USF Data Institute in downtown SF, Image Credit: <a href='https://commons.wikimedia.org/w/index.php?curid=3460420'>By Eric in SF - Own work, CC BY-SA 4.0</a>
USF Data Institute in downtown SF, Image Credit: By Eric in SF - Own work, CC BY-SA 4.0

In response to these risks and harms, I am helping to launch a new Center for Applied Data Ethics (CADE), housed within the University of San Francisco’s Data Institute to address issues surrounding the misuse of data through education, research, public policy and civil advocacy. The first year will include a tech policy workshop, a data ethics seminar series, and data ethics courses, all of which will be open to the community at-large.

Misuses of data and AI include the encoding & magnification of unjust bias, increasing surveillance & erosion of privacy, spread of disinformation & amplification of conspiracy theories, lack of transparency or oversight in how predictive policing is being deployed, and lack of accountability for tech companies. These problems are alarming, difficult, urgent, and systemic, and it will take the efforts of a broad and diverse range of people to address them. Many individuals, organizations, institutes, and entire fields are already hard at work tackling these problems. We will not reinvent the wheel, but instead will leverage existing tools and will amplify experts from a range of backgrounds. Diversity is a crucial component in addressing tech ethics issues, and we are committed to including a diverse range of speakers and supporting students and researchers from underrepresented groups.

I am director of the new center. Since you’re reading the fast.ai blog, you may be familiar with my work, but if not, you can read about my background here. I earned my PhD at Duke University in 2010, was selected by Forbes as one of “20 Incredible Women in AI”, am co-founder of fast.ai, and have been a researcher at USF Data Institute since it was founded in 2016. In the past few years, I have done a lot of writing and speaking on data ethics issues.

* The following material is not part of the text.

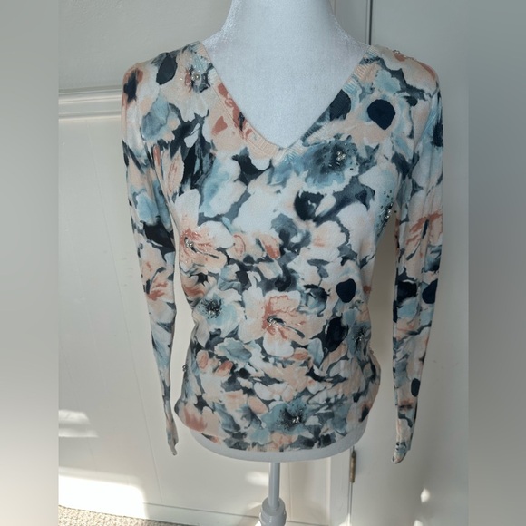 NWT. This elegant blouse by Carmen Marc Valvo features a fitted silhouette with long sleeves, crafted in a lightweight fabric. The top showcases a beautiful blend of white and blue hues, creating a sophisticated and versatile look. Perfect for adding a touch of elegance to any ensemble.

Speaking about misuses of AI at <a href='https://www.youtube.com/watch?v=LqjP7O9SxOM&list=PLtmWHNX-gukLQlMvtRJ19s7-8MrnRV6h6&index=2&t=0s'>TEDx SF</a>
Speaking about misuses of AI at TEDx SF

What is the USF Data Institute?

The Center for Applied Data Ethics will be housed within the USF Data Institute, located in downtown San Francisco, and will be able to leverage our existing community, partnerships, and successes. In the 3 years since the founding of the Data Institute, more than 900 entrepreneurs & employees from local tech companies have taken evening and weekend courses here, and we have granted more than 177 diversity scholarships to people from underrepresented groups. The USF MS in Data Science program, now housed in the Data Institute, is entering its 8th year, and all students complete 8 month practicum projects at our 160 partner companies. Jeremy Howard and I have both been involved with the USF Data Institute since it first began 3 years ago; it is where we have taught the in-person versions of our deep learning, machine learning, computational linear algebra, and NLP courses, and we have both been chairs of tracks for the Data Institute conference. Additionally, Jeremy launched the Wicklow AI in Medicine Research Initiative as part of the Data Institute last year.

What will you do in the 1st year? How can I get involved?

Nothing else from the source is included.